DATA SHOWN START
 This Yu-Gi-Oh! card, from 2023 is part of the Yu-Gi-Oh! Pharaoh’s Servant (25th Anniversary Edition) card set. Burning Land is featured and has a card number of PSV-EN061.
DATA SHOWN END
DATA SHOWN START
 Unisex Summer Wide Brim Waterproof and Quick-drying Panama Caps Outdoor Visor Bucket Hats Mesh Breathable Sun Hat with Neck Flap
DATA SHOWN END
DATA SHOWN START
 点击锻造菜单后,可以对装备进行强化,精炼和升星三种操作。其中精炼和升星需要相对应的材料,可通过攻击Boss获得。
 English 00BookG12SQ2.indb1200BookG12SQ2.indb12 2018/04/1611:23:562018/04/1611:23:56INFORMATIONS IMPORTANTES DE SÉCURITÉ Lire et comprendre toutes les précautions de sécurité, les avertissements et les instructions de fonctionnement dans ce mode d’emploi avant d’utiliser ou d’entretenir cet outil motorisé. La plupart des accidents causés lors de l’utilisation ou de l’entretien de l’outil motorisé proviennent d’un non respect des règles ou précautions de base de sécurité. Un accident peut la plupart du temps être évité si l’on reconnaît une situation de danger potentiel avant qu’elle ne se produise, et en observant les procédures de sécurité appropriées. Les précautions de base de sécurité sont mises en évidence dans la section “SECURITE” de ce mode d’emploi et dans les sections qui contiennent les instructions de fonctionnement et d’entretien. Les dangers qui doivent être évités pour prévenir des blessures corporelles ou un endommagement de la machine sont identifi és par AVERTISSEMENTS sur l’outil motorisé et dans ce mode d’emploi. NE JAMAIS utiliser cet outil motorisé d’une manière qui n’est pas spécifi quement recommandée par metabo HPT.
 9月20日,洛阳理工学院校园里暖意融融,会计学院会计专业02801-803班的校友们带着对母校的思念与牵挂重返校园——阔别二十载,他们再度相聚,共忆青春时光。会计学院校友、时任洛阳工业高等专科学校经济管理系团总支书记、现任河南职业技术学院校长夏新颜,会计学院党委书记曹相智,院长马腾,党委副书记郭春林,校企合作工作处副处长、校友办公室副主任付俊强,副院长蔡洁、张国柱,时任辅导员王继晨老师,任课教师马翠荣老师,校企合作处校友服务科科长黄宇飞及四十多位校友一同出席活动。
DATA SHOWN END
## PROMPT
Copy out each line of the data above, exactly, if it lies between the line holding "点击锻造菜单后,可以对装备进" and the line holding "9月20日,洛阳理工学院校园", inclusive; copy no other line.

## ANSWER SECTION
 点击锻造菜单后,可以对装备进行强化,精炼和升星三种操作。其中精炼和升星需要相对应的材料,可通过攻击Boss获得。
 English 00BookG12SQ2.indb1200BookG12SQ2.indb12 2018/04/1611:23:562018/04/1611:23:56INFORMATIONS IMPORTANTES DE SÉCURITÉ Lire et comprendre toutes les précautions de sécurité, les avertissements et les instructions de fonctionnement dans ce mode d’emploi avant d’utiliser ou d’entretenir cet outil motorisé. La plupart des accidents causés lors de l’utilisation ou de l’entretien de l’outil motorisé proviennent d’un non respect des règles ou précautions de base de sécurité. Un accident peut la plupart du temps être évité si l’on reconnaît une situation de danger potentiel avant qu’elle ne se produise, et en observant les procédures de sécurité appropriées. Les précautions de base de sécurité sont mises en évidence dans la section “SECURITE” de ce mode d’emploi et dans les sections qui contiennent les instructions de fonctionnement et d’entretien. Les dangers qui doivent être évités pour prévenir des blessures corporelles ou un endommagement de la machine sont identifi és par AVERTISSEMENTS sur l’outil motorisé et dans ce mode d’emploi. NE JAMAIS utiliser cet outil motorisé d’une manière qui n’est pas spécifi quement recommandée par metabo HPT.
 9月20日,洛阳理工学院校园里暖意融融,会计学院会计专业02801-803班的校友们带着对母校的思念与牵挂重返校园——阔别二十载,他们再度相聚,共忆青春时光。会计学院校友、时任洛阳工业高等专科学校经济管理系团总支书记、现任河南职业技术学院校长夏新颜,会计学院党委书记曹相智,院长马腾,党委副书记郭春林,校企合作工作处副处长、校友办公室副主任付俊强,副院长蔡洁、张国柱,时任辅导员王继晨老师,任课教师马翠荣老师,校企合作处校友服务科科长黄宇飞及四十多位校友一同出席活动。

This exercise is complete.